Георг пытался поймать взгляд Петера, чтобы понять причину катастрофы и загадку поведения товарища, увидеть хоть тень вины или расстройства на его лице. Но ничего этого не наблюдал. Петер выглядел плачевно, словно смирившийся с гибелью своей карьеры, истративший последние силы ангел. Да и вообще, он казался каким-то уж очень спокойным… И тут странная догадка мелькнула в голове Георга:
– Постой-ка, ты хочешь сказать… – он опешил и невольно отшатнулся от Петера. – Что ты сделал это… намеренно?
Вот теперь Петер поднял на него свои огромные темные глаза, и в его взгляде Георг прочел всю правду о том, что же на самом деле произошло.
– Ну, знаешь ли, это уж слишком! Ты понимаешь, что будет тебе за такое своеволие?
Петер отвел взгляд в сторону.
– Сто лет назад ты чуть было не утащил ее в ад, и лишь моя заслуга в том, что вы оба там не остались. Я Всевышнему соврал, чтобы тебя выгородить! А теперь ты принялся за старое! Когда же ты уймешься наконец?
Но Петер продолжал смотреть куда-то в сторону, как завороженный. И Георг осекся, заметив этот странный взгляд.
– Куда ты смотришь? – спросил он. И не дождавшись ответа, тоже обернулся.
Лена стояла в пяти шагах от них.

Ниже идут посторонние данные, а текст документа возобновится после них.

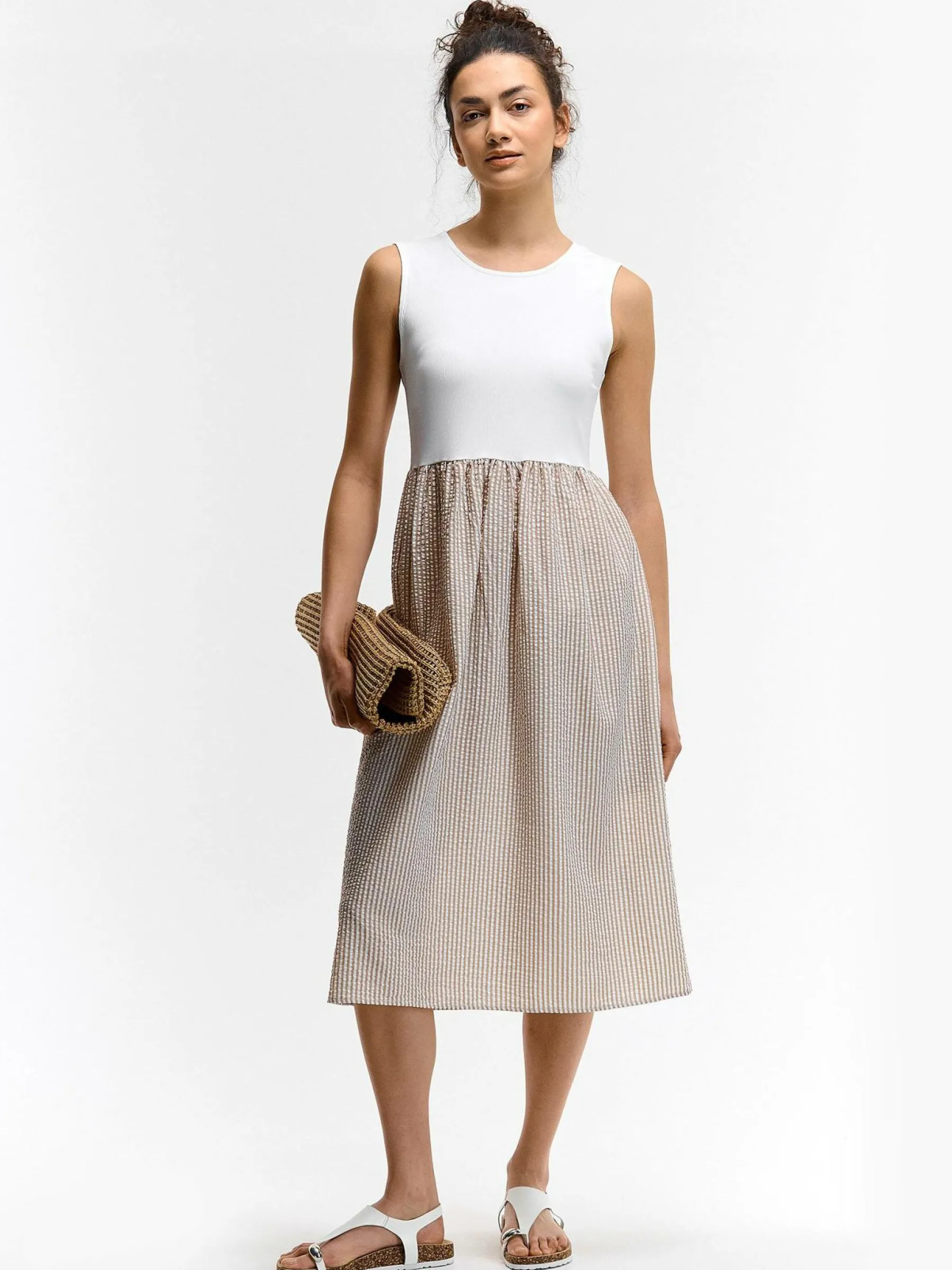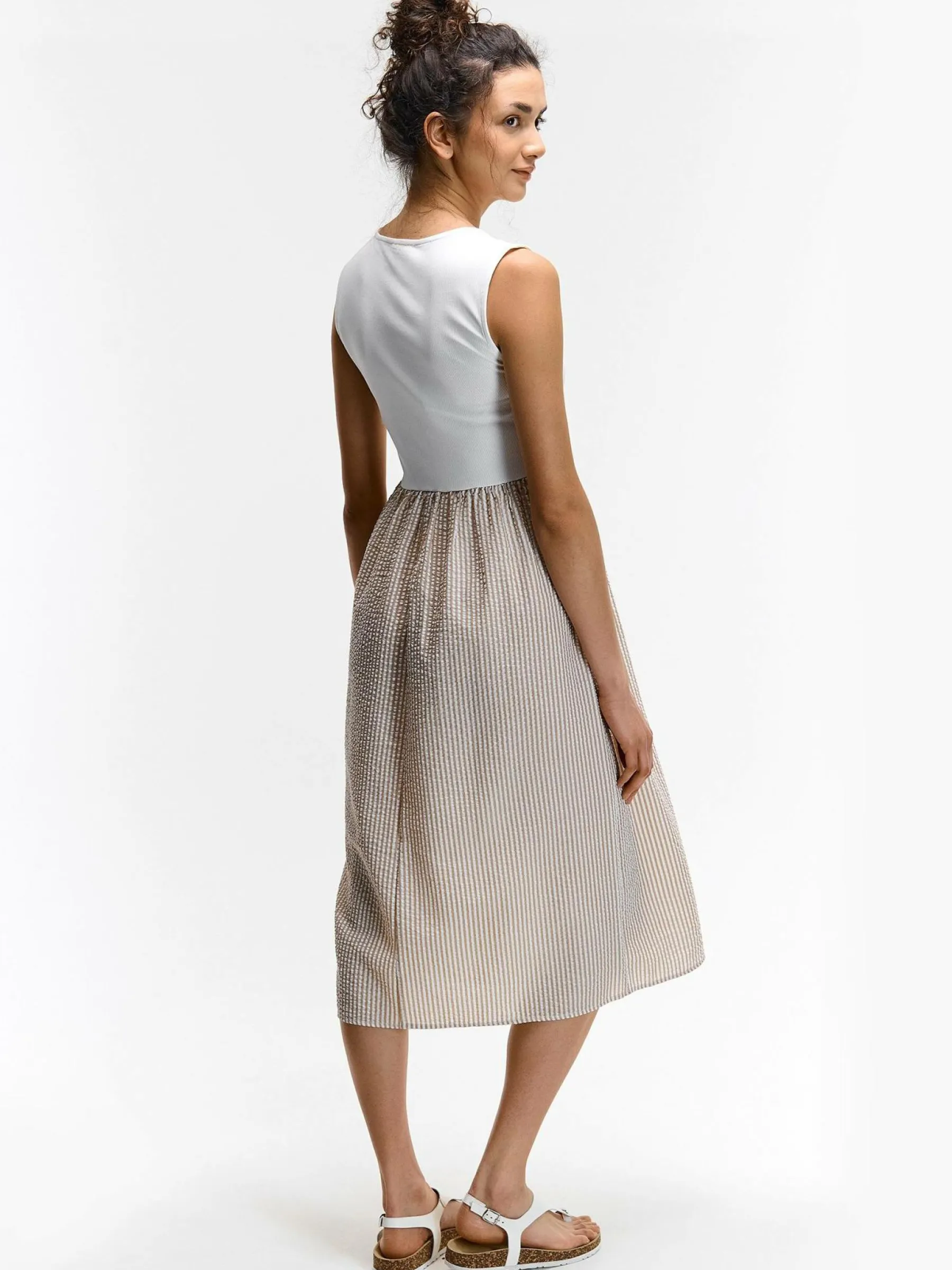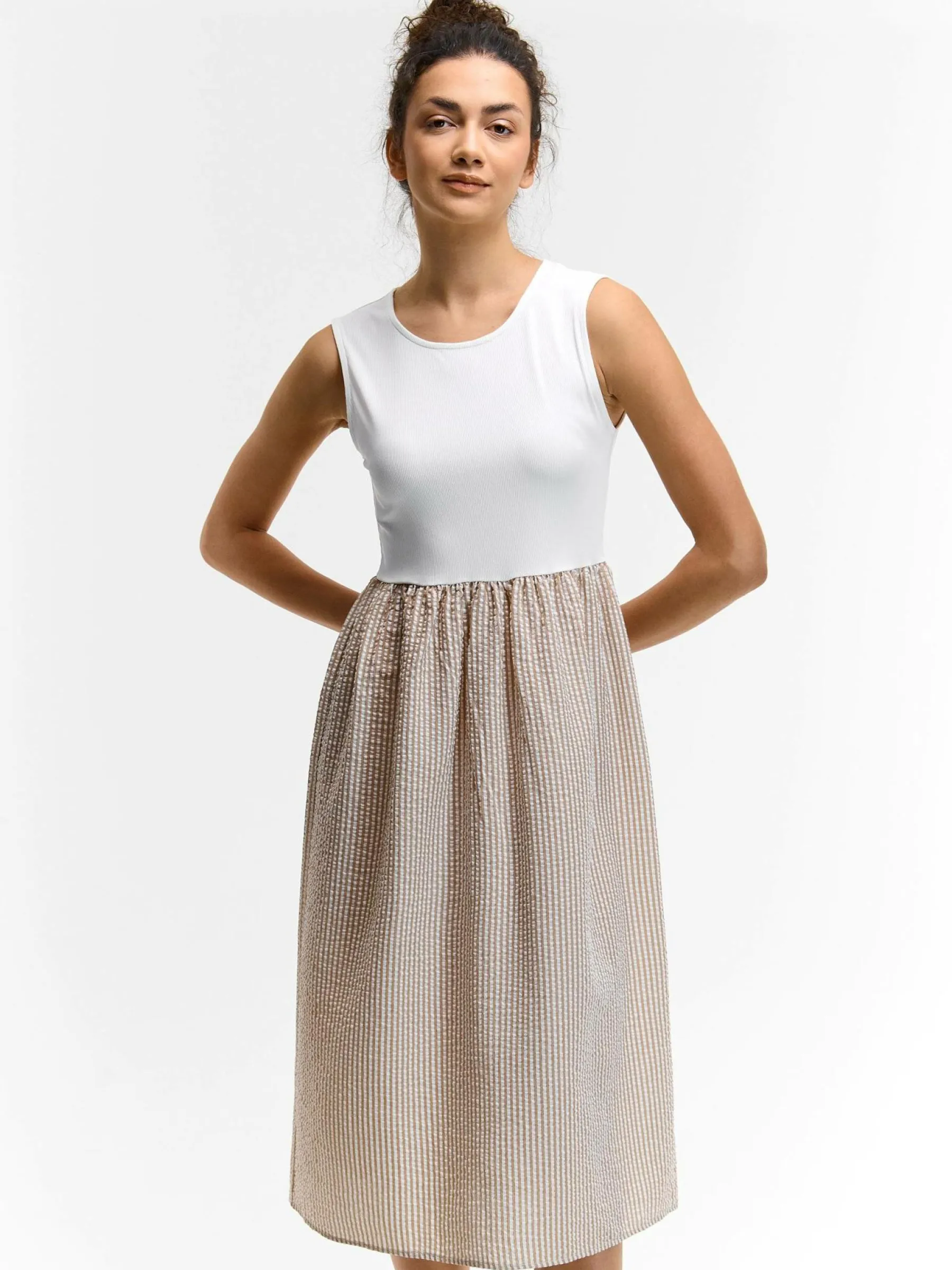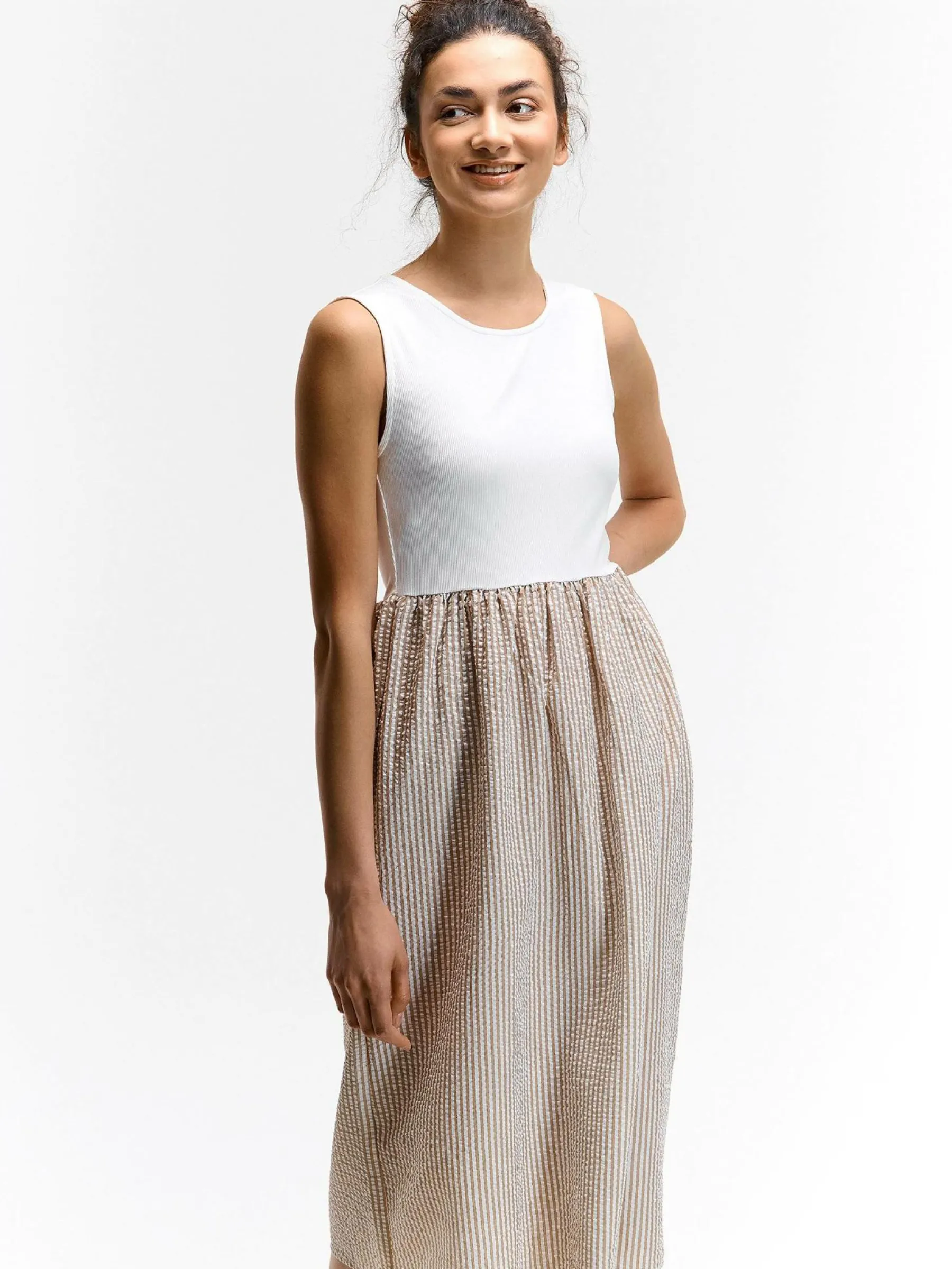 Zdjęcia z modelką mogą nie odpowiadać rzeczywistemu kolorowi produktu.Kolor: beżowyKrój: asyTyp: sukienkaRekaw: be…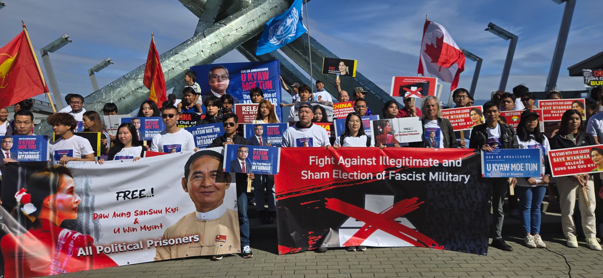 သံအမတ်ကြီးဦးကျော်မိုးထွန်းကို ကုလသမဂ္ဂမှာ အထူးတာဝန်လက်ခန့်ထားရေး၊ စစ်ကောင်စီရဲ့ အတုအယောင်ရွေးကောက်ပွဲကို ဆန့်ကျင်ကန့်ကွက်ရေးနဲ့ လူထုခေါင်းဆောင် ဒေါ်အောင်ဆန်းစုကြည် အပါအဝင် နိုင်ငံရေးအကျဉ်းသားတွေအားလုံး လွတ်မြောက်ရေးအတွက် ရည်ရွယ်ပြီး ဆန္ဒပြ တောင်းဆိုခဲ့ကြတာပါ။
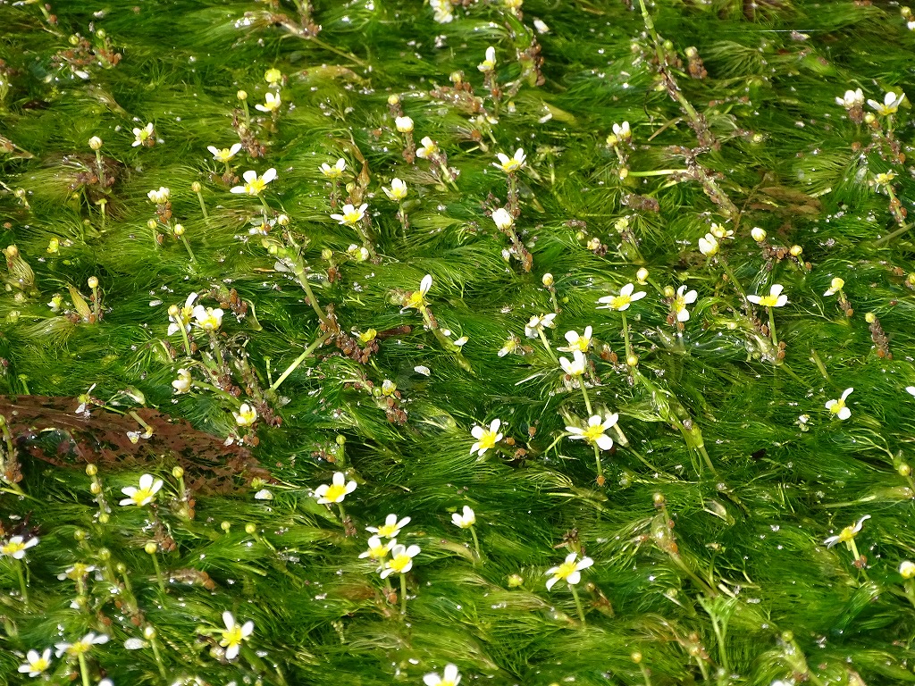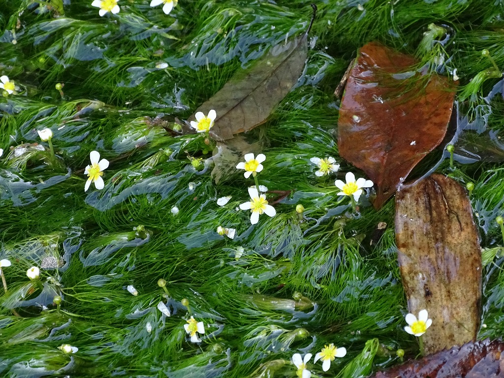 水路でヒメバイカモの花が咲いていました。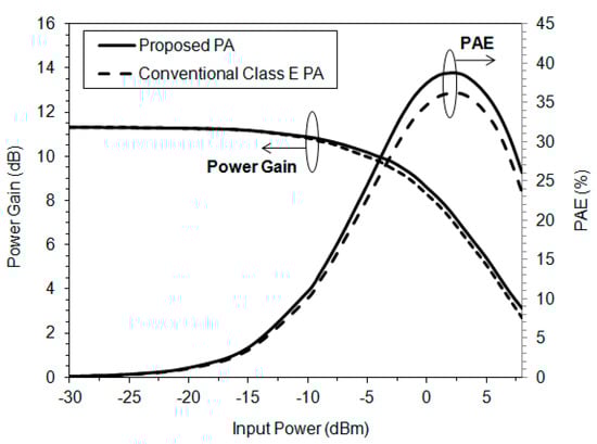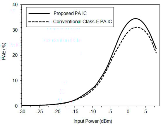 Figure 8 shows the simulated input–output response of the proposed and conventional class-E PAs with sweeping the input power. It confirmed that the proposed PA IC achieves better gain linearity with better PAE than the conventional class-E PA IC. At an input power of lower than -10 dBm, M2 was turned off and the input signal was mainly amplified by M1. When the input power increased, the output power of M2 became higher to compensate for the gain compression of M1, achieving a higher linear performance. From the simulation, it was shown that the proposed PA had a power gain of 11.5 dB, an output P1dB of 8.1 dBm, and a peak PAE of 38.5%.
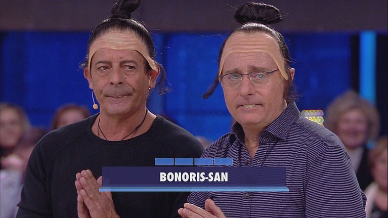 Pintus si siede accanto a Paolo Bonolis per sottoporre i concorrenti alle domande.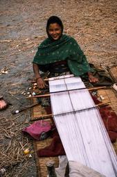 Keywords: handicrafts weaving nepal people Date: 1975-10 Location: Pokhara, Kaski Description: Woman weaving with back loom. A strap around her hips is used to keep tension on the weaving as she shuttles threads back and forth across to make the material. Her shawl was most likely created using this kind of loom. Date: 1975-10 Location: Pokhara, Kaski Description: Woman weaving with back loom. A strap around her hips is used to keep tension on the weaving as she shuttles threads back and forth across to make the material. Her shawl was most likely created using this kind of loom.
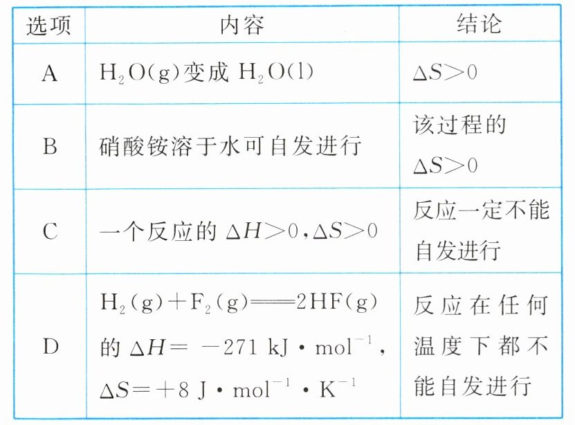 B 物质由气态变为液态,混乱度减小,即 $\Delta S < 0$,A 项不符合题意;硝酸铵溶于水是吸热的熵增加过程,$\Delta S > 0$,可自发进行,B 项符合题意;一个反应的 $\Delta H > 0$,$\Delta S > 0$,根据复合判据可知,高温时,$\Delta H - T\Delta S < 0$,即高温条件下,反应能自发进行,C 项不符合题意;由 $\Delta H < 0$,$\Delta S > 0$ 知,$\Delta H - T\Delta S < 0$,故该反应在任何温度下都能自发进行,D 项不符合题意。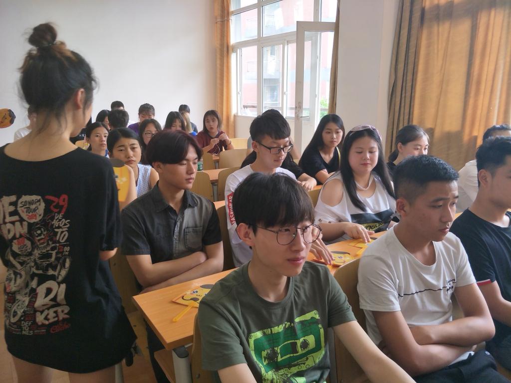 百匠工作室活动前期报名人数达到了近百人,同学们在报名时需要提交一份自己的作品或者照片,发展导师向汀老师在这报名同学的作品中进行筛选,最终筛选出30名同学作为此次北山书院百匠工作室第一批的学员。开班仪式这天,云层厚重闷热好似要酝酿出夺目的闪电,大家对此次活动的热情却依然不减,通过初选的30位同学准时到达并参与到此次开班仪式中来,北山书院干事为每位同学送上印有北山小山蕉形象的扇子,为大家消散掉一点暑热,也让大家可以感受北山书院文创产品的魅力。

От неожиданности Георг отпрянул.
– Как ты нашла нас? – изумленно воскликнул он.
– Сама не знаю, – растерянно улыбнулась она.
– Лена… – проговорил Петер и шагнул к ней.
– Эй! – пытался помешать им Георг. – Одумайтесь! Немедленно перестаньте обниматься! Или вас двоих опять сделают людьми.
Но Лена уже крепко обхватила Петера, уткнувшись в его доброе, родное до боли плечо.
– Сто лет тебя не видела! – проговорила она. – Здравствуй.
Петер тоже крепко держал в объятиях и больше не собирался отпускать.
– Прости меня, – сказал он. – Я погорячился.
– Чокнутые! – нервничал Георг. – Немедленно от-ле-пи-тесь друг от друга! Пока никто не увидел… – и его поджатые от досады губы красноречиво выдавали искреннюю обеспокоенность за друзей.
Но встреча через века и расстояния была настолько желанной, что все остальное казалось неважным и второстепенным.
– Как я скучал по тебе… – шептал Петер, прижимая ее к своей груди и стараясь вобрать в себя тепло души, которую он так любил. Запомнить, задержать – на случай, если их опять надолго разлучат. И признавался себе, что достиг верха блаженства, выше которого рая уже не существует. Только кружащий вокруг, словно ворон, Георг все еще пытался исправить положение и продолжал взывать к их благоразумию.
– Да вы не работаете, ребята! – орал начальник отдела. – Я поручил вам пустяшное задание, а вы с ним возитесь битых пятьдесят лет! Если давать всяким олухам на перевоспитание по полвека, так никакой ангельской жизни не хватит!
– Но ведь человеку нужно время, чтобы осознать свою неправоту. Быстро только кошки родятся… – послышалось откуда-то справа.
– Молча-ать! – завопил шеф. – Ты вообще от рук отбился, Петер! Мало того, что обженился тут вопреки всем законам, да еще и ерничаешь!
Взяв себя в руки, он, однако, продолжил сдержанней:
– Если через два дня этот попрошайка не возьмется за ум, я вас всех на длительный срок в переходы поставлю милостыню просить! Всех – даже тех, кто к этому никого отношения не имеет.
– А всех-то за что?
– А так просто, за компанию!
– Интересная мораль! – раздался мелодичный голос с дальнего конца стола.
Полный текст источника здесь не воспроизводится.